HOLE #7 – Par 5 – 512 yards – Perry Maxwell

The 7th features a semi-blind tee shot and plays back to a green set near the clubhouse.  The green is surrounded by some of the most beautiful bunkering on the entire course.

 

HOLE #8 – Par 4 – 440 yards – Perry Maxwell

Prairie Dunes’s signature hole is a roller coast ride of a par-4 that plays up to the top of a hill, and then over a valley to an elevated green that you really don’t want to miss.

 

HOLE #9 – Par 4 – 426 yards – Perry Maxwell

This straightaway two-shotter requires a carry over the gunch followed by an exacting approach to a green divided into sections by internal contours.  Being in the wrong section makes a two-putt a challenge.

 

HOLE #10 – Par 3 – 185 yards – Perry Maxwell

Described by Maxwell as his finest par-3, the green is set among the dunes.  It is a sublime little hole that is perfectly capable of exacting punishment.

 

HOLE #11 – Par 4 – 453 yards – Press Maxwell

The eleventh is a big, long par-4, but success or failure on the hole is determined by something little – a mound front and center of the green that can send a misplaced approach any which way.

 

HOLE #12 – Par 4 – 390 yards – Press Maxwell

I have never enjoyed a hole where trees dictated strategy more than the 12th at Prairie Dunes.  Lay back and leave room to play over them, or take them on and leave a short approach?  There is no right decision, but whatever choice is made, the player better execute.

 

HOLE #13 – Par 4 – 395 yards – Press Maxwell

Yet another angled fairway that forces the player to pick a distance and a line and make a confident swing.  Weak approaches are sent back by the false front on this elevated green.

 

HOLE #14 – Par 4 – 377 yards – Press Maxwell

An elevated tee reveals the green, but not the landing area for the drive, which is obscured by a large hump.  To further confound the player, the green is tiered, with the lower tier hidden in back.

 

HOLE #15 – Par 3 – 200 yards – Press Maxwell

The gap between the trees is bigger than it appears on this uphill par-3, but try telling that to your mind as you stand on the tee with a long iron in your hand and the wind blowing.

 

HOLE #16 – Par 4 – 408 yards – Press Maxwell

The sixteenth plays uphill to a green guarded by bunkers front left and right, and a steep-sloped runoff back right.  The final Press hole begins the tough closing stretch.

 

HOLE #17 – Par 5 – 500 – Perry Maxwell

This par-5 plays uphill over a rolling fairway to a green perched on a high point on the property.  It is simple, with just one bunker, but is plenty demanding with a green that propels weak approaches down a steep bank right.  My favorite hole on the course.

 

HOLE #18 – Par 4 – 382 yards – Perry Maxwell

The home hole is the perfect culmination of the Prairie Dunes experience – an angled tee shot, playing downhill to a heaving fairway and then back up to one final genius green fronted my a mound left and surrounded by rugged bunkers.  The player is left wanting for nothing, except for a return trip right back over to the first tee.

 

 

 

Copyright 2016 – Jason Way, GeekedOnGolf

11 thoughts on “ONE FOR THE AGES – PRAIRIE DUNES

  1. Great write up. I played 63 holes here last August, one of the few on the Top 100 quest I have gotten to play multiple times. It is so good and so fun. I agree on a lot of the holes. My favorites are probably 5, 8, 10, 14, and 17. Such a fun experience and I agree one of the best sets of greens I have ever putted.

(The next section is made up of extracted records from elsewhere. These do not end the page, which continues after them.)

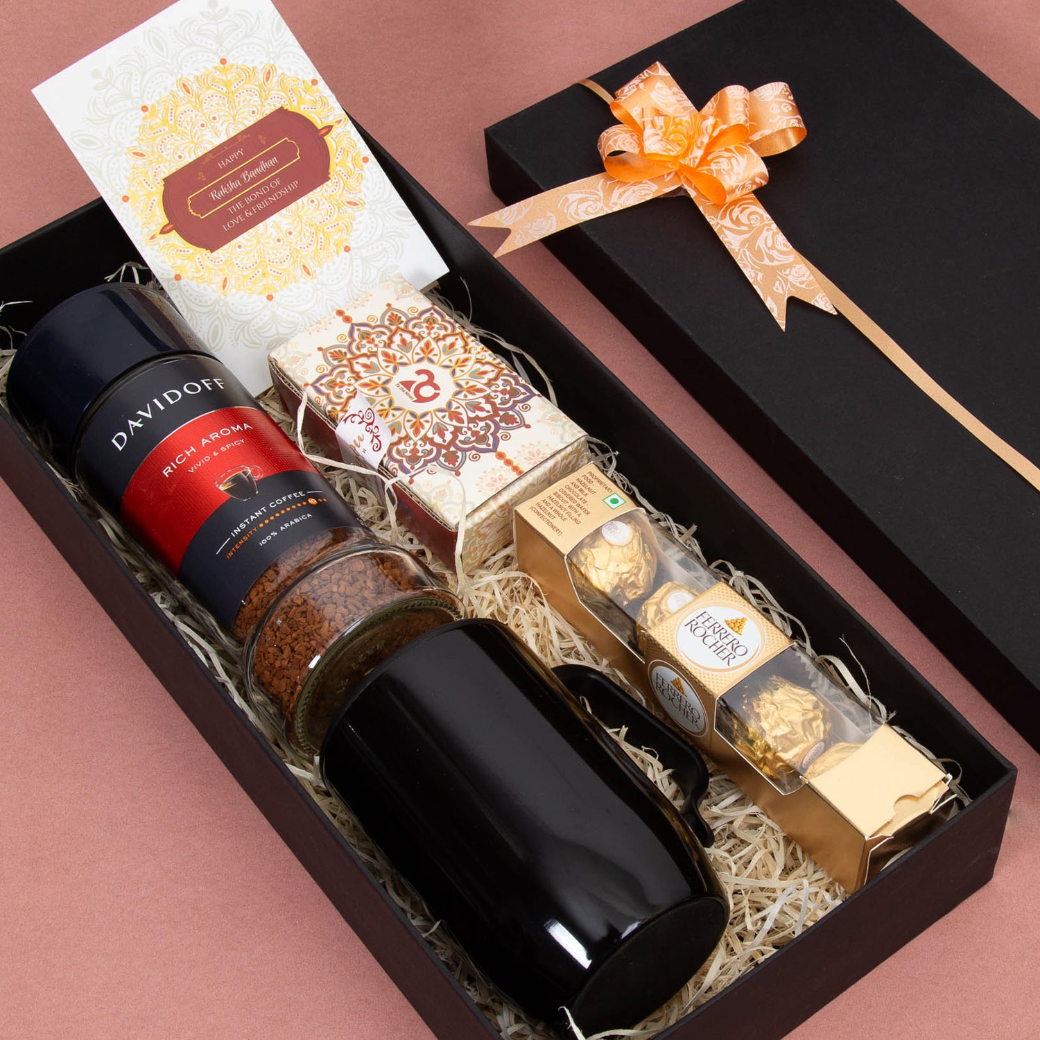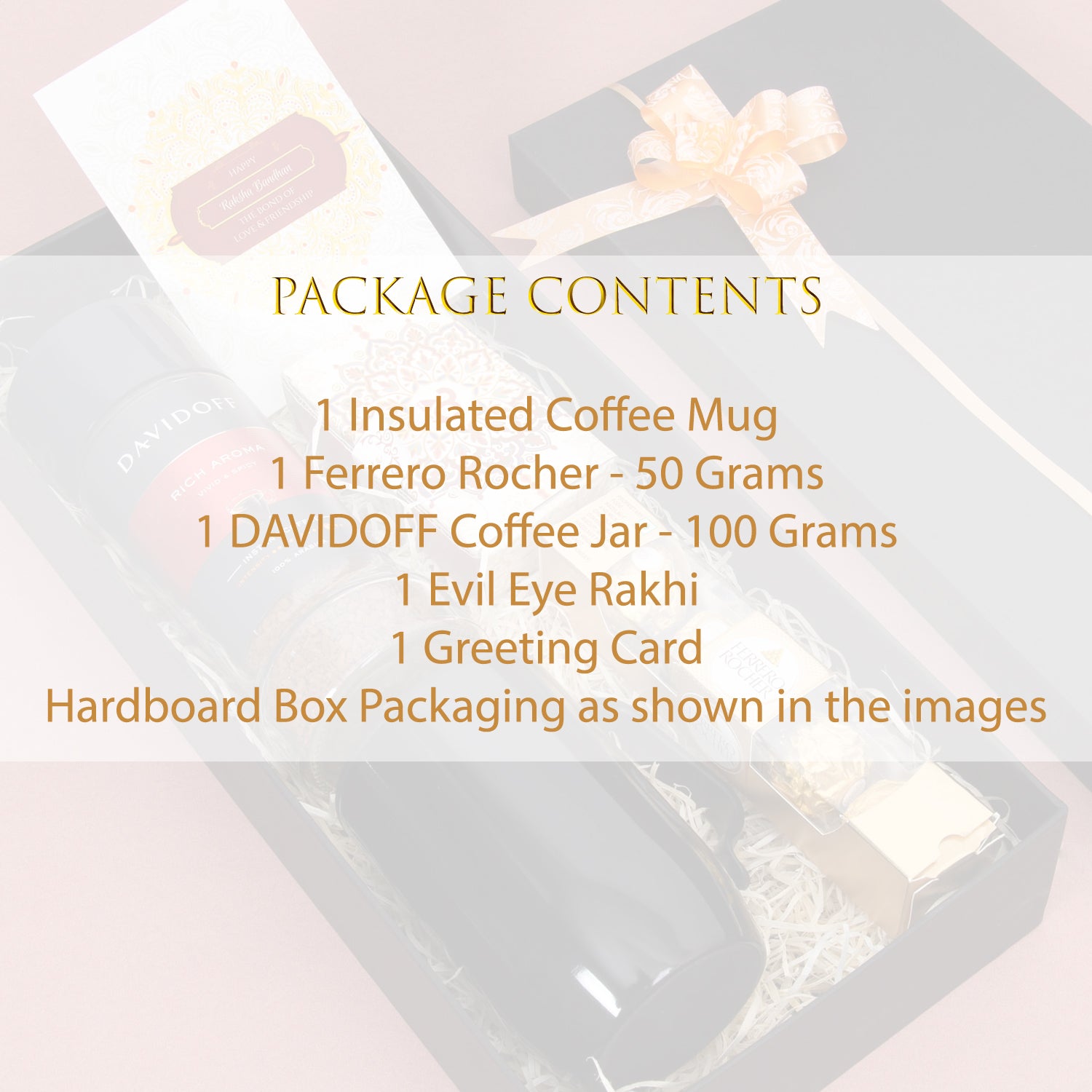 The package consists of 1 Insulated Coffer Mug, 1 Ferrero Rocher - 50 Grams, Davidoff Coffee Jar -100 Grams, 1 Evil Eye Rakhi with, Tilak Material & a Greeting Card.
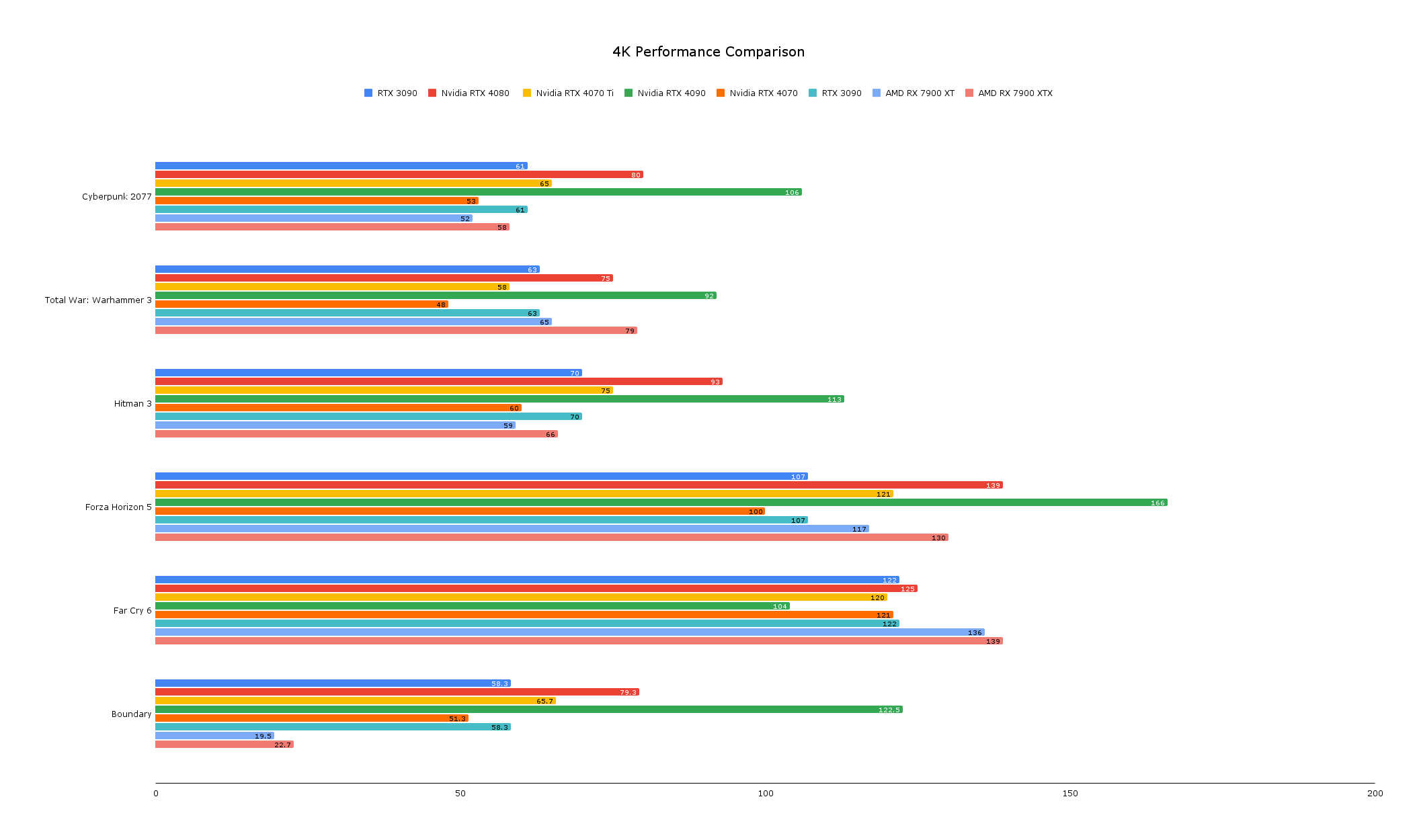 In Cyberpunk 2077 at 4K, the RTX 4070 managed 53 fps to the RTX 4090’s 106 fps, and in Forza Horizon 5, the 4070 managed 100 fps to the 4090’s 166 fps. So while the RTX 4070 is only theoretically 45% as fast as the RTX 4090, in actual games, it’s closer to 50-60%. And when the RTX 4070 is almost a third of the price, it’s hard to justify saving up for months for the more expensive flagship.
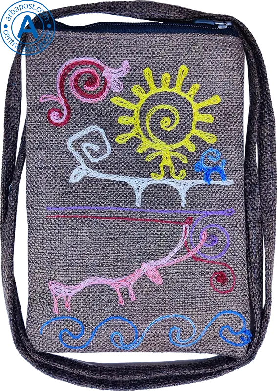 Altyn Adam bag made of fabric, grey with sun and rams
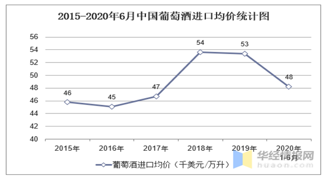 2015-2020年6月中國(guó)葡萄酒進(jìn)口均價(jià)統(tǒng)計(jì)圖
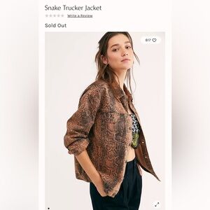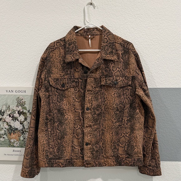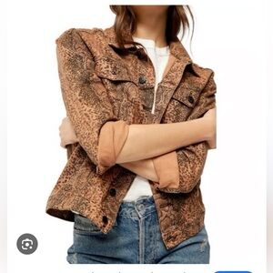 Free People snake printed trucker jacket. Brown, size L. See pics for fit on model and description. Very cute jacket. No rips or stains.
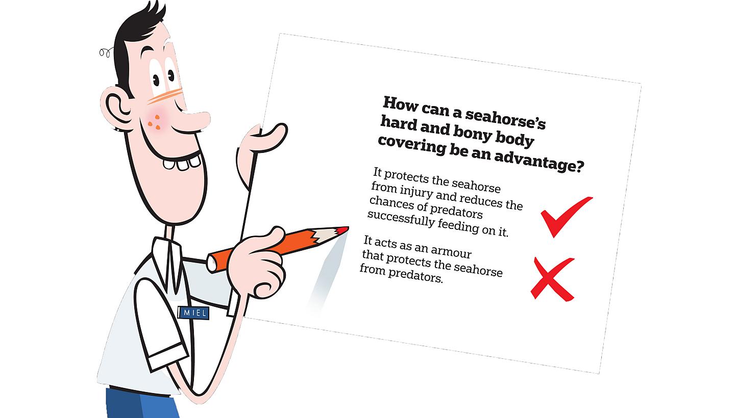 But the child who wrote "It acts as an armour that protects the seahorse from predators" was told that her answer was wrong.

  2. What is the point of the trees on #15? They seem horribly out of place, no matter how wide a gap there is. They also seem to eliminate the right side of the tee from use.

    1. I’m not qualified to speak to the point of the trees, but my experience of them is that they create visual distraction. The entire tee is usable, and the trees are not in play for any reasonably good shot, but they certainly intimidate. They are also a dash of quirk, which I dig.